Rating: 7 out of 10.

Everything is new to me.

First things first: Amjad Al Rasheed’s debut feature Inshallah a Boy is very good. With a compelling dramatic catalyst—the death of a Jordanian man leaving his widow (the always wonderful Mouna Hawa’s Nawal) in the hands of a court that holds hers and their daughter’s claim to his inheritance as inferior to all others related to the deceased—and a fearless drive to point out the many hypocrisies inherent to a government ruled by a patriarchal religion in the twenty-first century (not to mention how much America’s own legislators are adopting similar trends), the emotional weight equals the movie’s great production value.

Unfortunately, however, it also falls prey to a desire to not take its issues to their true (possibly nightmarish) ends. Yes, you don’t want the whole to fall into miserablism—especially considering a lot of what happens goes there anyway—but you also don’t want to subvert the message that one cannot simply rely on God by then letting God be reliable (albeit very late). Because I absolutely love how the first half of the film spells out the reality of the situation as God only “listening” to men. That God answers Rifqi’s (Hitham Omari) prayers for money through the death of his brother only to ignore his sister-in-law’s prayers for common decency.

The way co-writers Delphine Agut and Rula Nasser draw up the script, every pious necessity that Nawal has been indoctrinated by is gradually picked apart for its true purpose: to give men control over women’s lives. We’re watching life, justice, and even those who are supposed to be on her side (Mohammed Al Jizawi as her brother Ahmad) fail to support her in her time of need. We’re watching her faith be shaken with good reason—her eyes opening to the naïveté she didn’t know ruled her actions until her buffer’s absence (a husband doubling as guardian where Jordan is concerned) dumped everything at her feet.

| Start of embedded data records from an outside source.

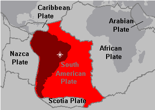 The South American plate is about 1/3 land mass with a convergent plate boundary on the west coast.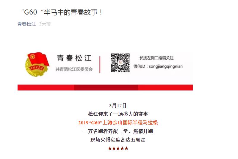 3月18日,青春松江、微松江微信公众号报道我院参加2019“G60”上海佘山国际半程马拉松志愿者。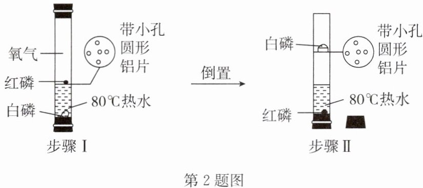 2. A (2024·兴化市期中)如图是研究燃烧条件的实验,已知白磷和红磷的着火点分别为$40^{\circ }C$、$240^{\circ }C$。下列说法正确的是(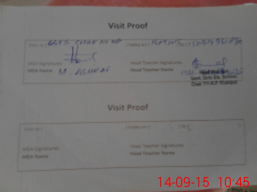 | Attendance Register | Head Teacher | MEA with School | Visit Proof |
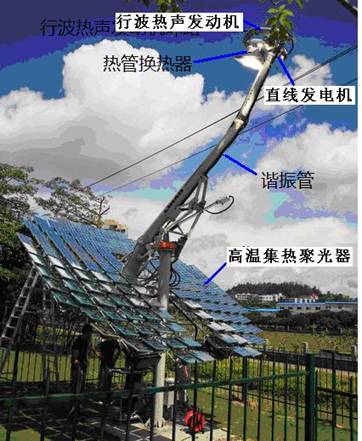 中科院理化所及其在深圳成立的中科力函热声工程技术公司近日研制出国际上第一个采用太阳能直接驱动的热声发电系统,该系统主要由太阳能高温集热聚光器、热声发动机以及往复直线发电机三个单元构成(如上图所示),输出电功率设计峰值1kW。经过初步组装调试,整机系统现已成功工作,并有数百瓦的电力输出。目前,国外热声发电的最高功率为58W,为美国Los Alamos国家实验室研制,采用电加热器作为模拟热源。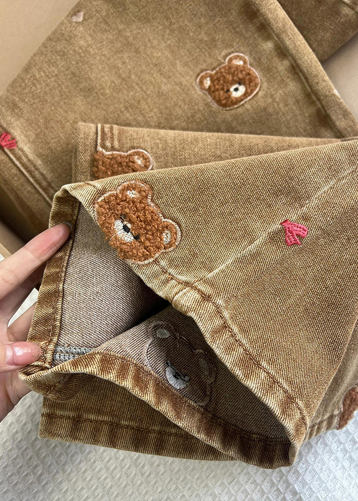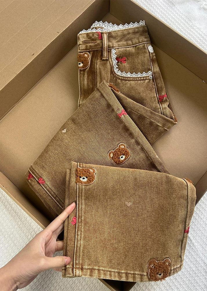 Fashion Coffee Embroidered Lace Patchwork Denim Straight Pants Spring TN023

One would therefore assume such an incisive and damning commentary on an unjust system would either find its victim empowered to overcome it or be forced to succumb. To show the horrors that befall this widowed mother and other more “modern” woman like Yumna Marwan’s Lauren (since Nawal is ostensibly being radicalized on-screen) is necessary to shine a light on how pervasive gender inequality is throughout the world, but so is providing hope it can be defeated or terror that it cannot. To choose to ignore those options and playing both sides as if nothing is actually wrong (awakening Nawal while also supplying a solution that further feeds the broken system) is disappointing.

It doesn’t ruin the experience, though. Al Rasheed doesn’t hide the fact that he’s moving towards the ending he inevitable gives us, so you do have time to make peace with the cop-out while also holding onto the belief he’ll get there in a way that won’t risk erasing the very truths he’s revealed through this embattled mother. And, despite that trajectory, Hawa is simply too good not to fully conclude that the potential “miracle” on the horizon won’t make her forget everything she’s seen. I wish the film did more to prove this prospect, but I’ll gladly assume it’s merely her chance to breathe a second so she can figure out how to leave Jordan and ensure her daughter will never endure the same injustice.


Mouna Hawa and Celina Rabab’a in INSHALLAH A BOY; courtesy of Greenwich Entertainment.